2. Epigenetic Studies:
- Methylation analysis in cancer and developmental biology.
3. Genotyping:
- Identification of single nucleotide polymorphisms (SNPs).
4. Microbial Identification:
- Sequencing bacterial and viral genomes.
Why Nick Translation Is Not Compatible with Pyrosequencing
- Pyrosequencing relies on incorporation of nucleotides and detection of pyrophosphate release.
- Nick translation involves exonuclease activity and nucleotide replacement, which would interfere with the pyrosequencing signal.

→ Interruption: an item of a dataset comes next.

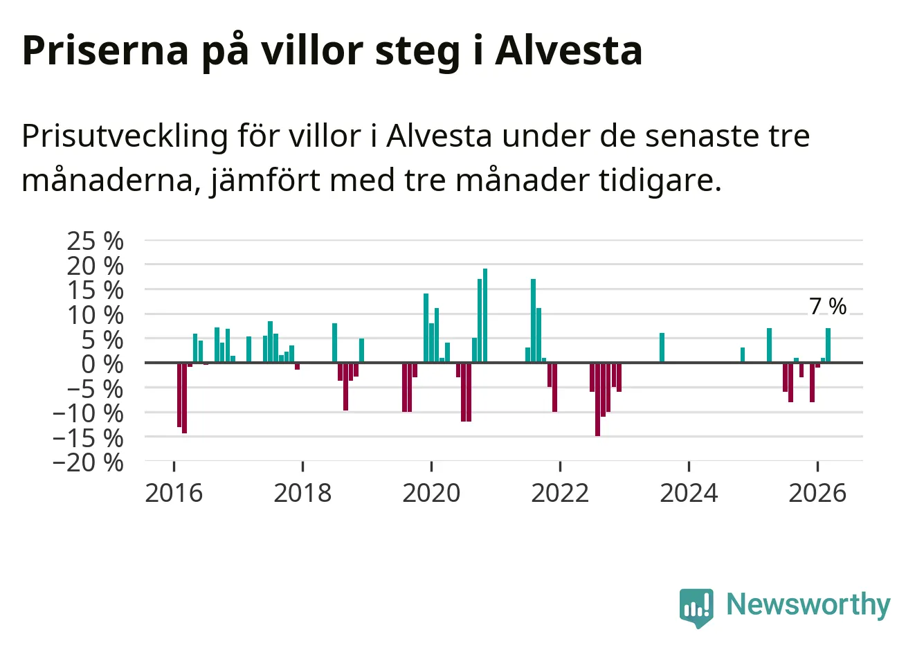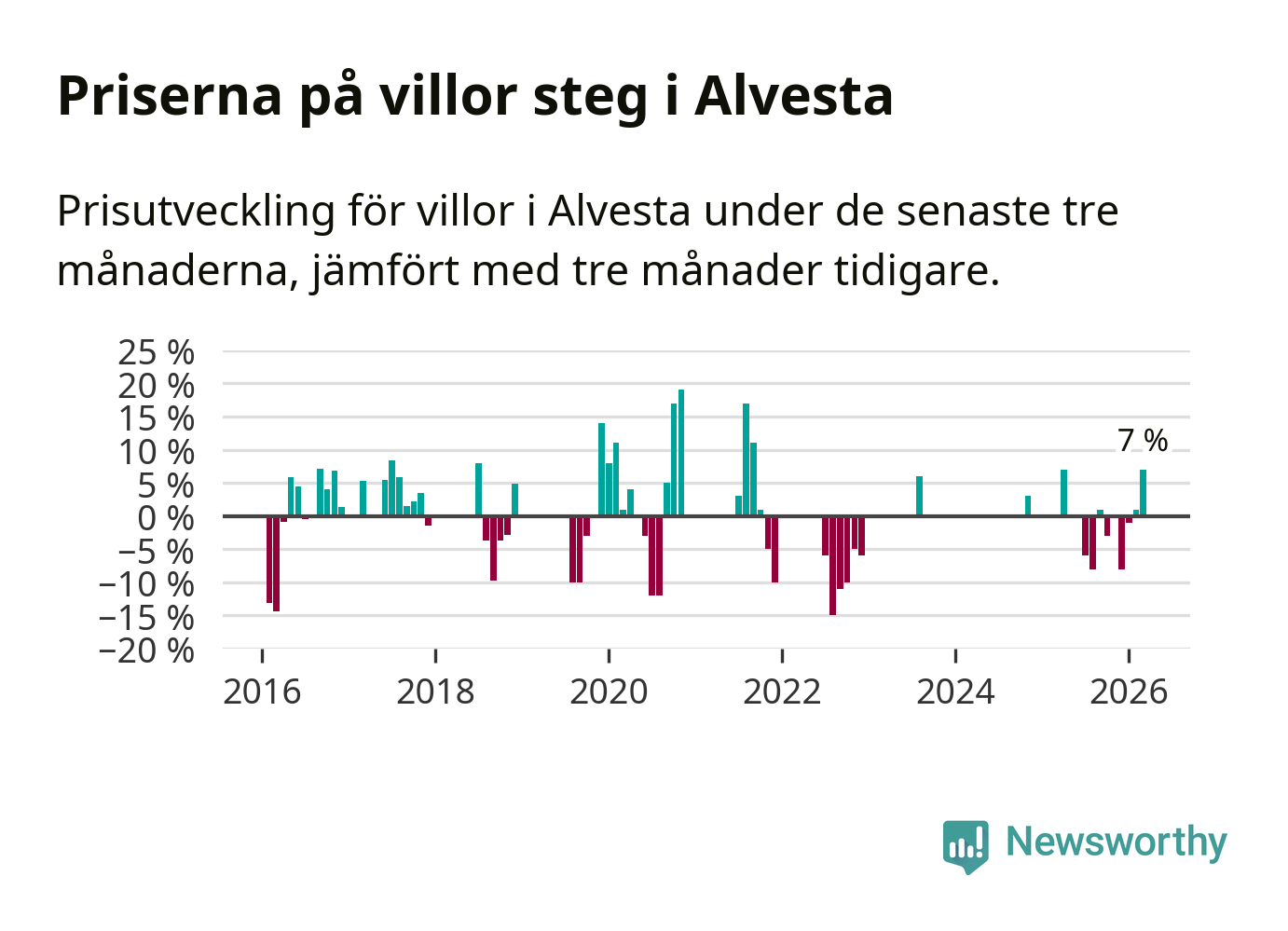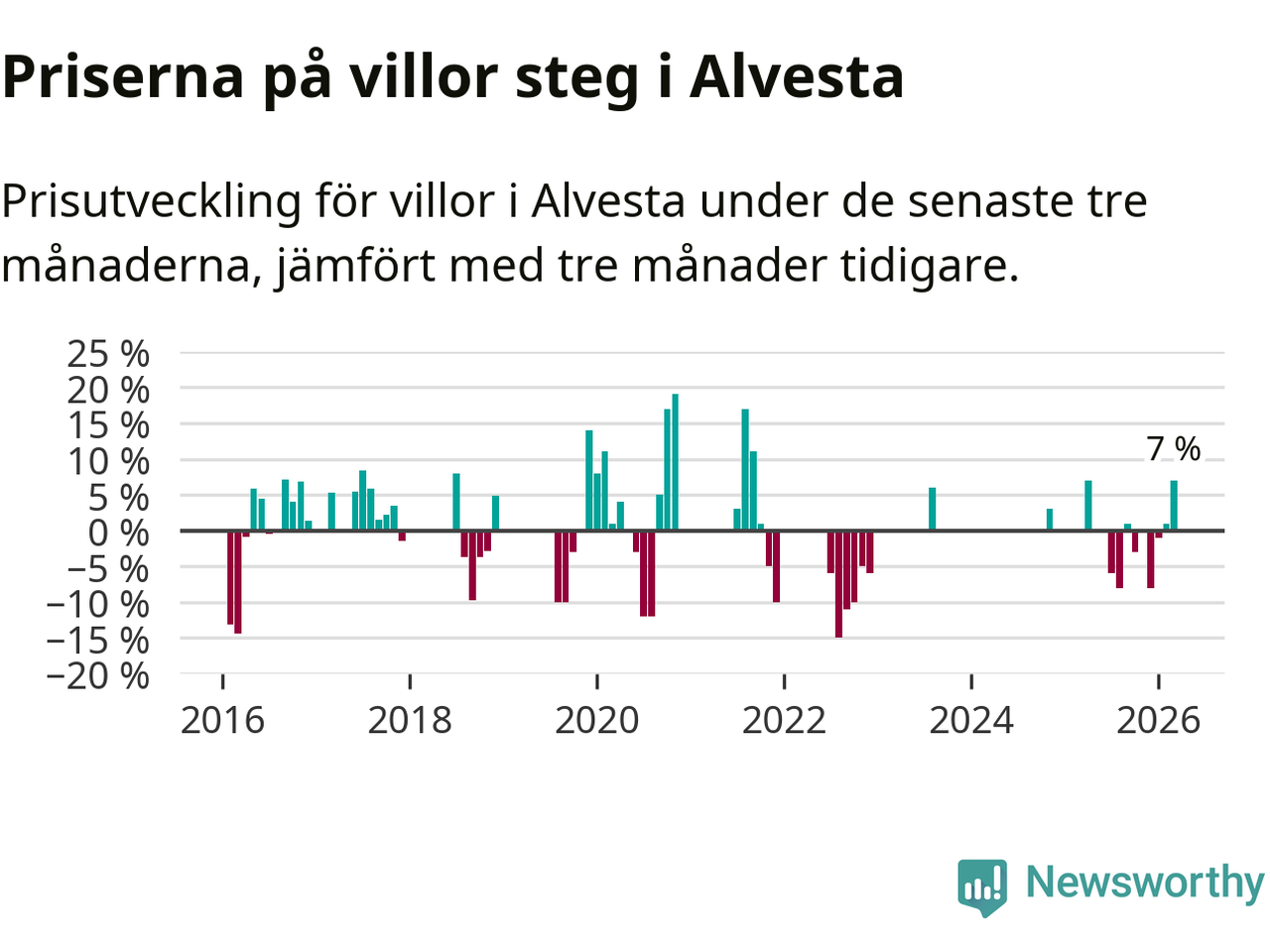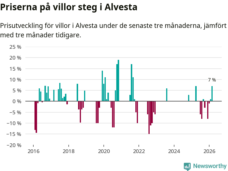 Statistiken visar även på en kännbar prisuppgång i Alvesta kommun. Medelpriset på försäljningarna av villor i kommunen var 7 procent högre än för tre månader sedan. I hela Kronoberg däremot ligger villapriserna stilla.

- Therefore, nick translation is not a suitable technique for pyrosequencing.
Conclusion
Pyrosequencing is a powerful sequencing technology based on real-time detection of nucleotide incorporation. Techniques like emulsion PCR, ligation-based PCR, and inverse PCR enhance the accuracy and sensitivity of pyrosequencing. However, nick translation is not compatible with pyrosequencing due to its exonuclease activity, which would interfere with the detection mechanism. Thus, option C is the correct answer.
19 Comments
Priti khandal
March 16, 2025Done sir
Yogesh Sharma
March 16, 2025Done sir
Akshay mahawar
March 17, 2025Done 👍
Rohit Meena
March 17, 2025Nick 👍
Rohit Meena
March 17, 2025Nick 👍 Khali jagah ko bharna
Nisha
March 17, 2025Nick dna repair mechanism
Shreeji Charan
March 17, 2025Nice explanation 👌
Ujjwal
March 17, 2025Done sir
Lokesh kumawat
March 17, 2025Done
Arushi
March 17, 2025👍👍
Suman bhakar
March 17, 2025Ok
Nisha Meena
March 18, 2025Done
Abhilasha
March 18, 2025Done
Parul
March 19, 2025Well explained. Understood sir
BANWARI lal khatana
March 24, 2025Well done 👍✅
Pallavi Ghangas
August 25, 2025Nick translation is not used in pyrose sequencing it is used in radio labeling Probe
Komal Sharma
August 27, 2025nick translation is not compatible with pyrosequencing due to its exonuclease activity, which would interfere with the detection mechanism. Thus, option C is the correct answer.
Meenakshi Choudhary
September 2, 2025Nick translation
Aakansha sharma Sharma
September 20, 2025The correct answer is C. Nick translation.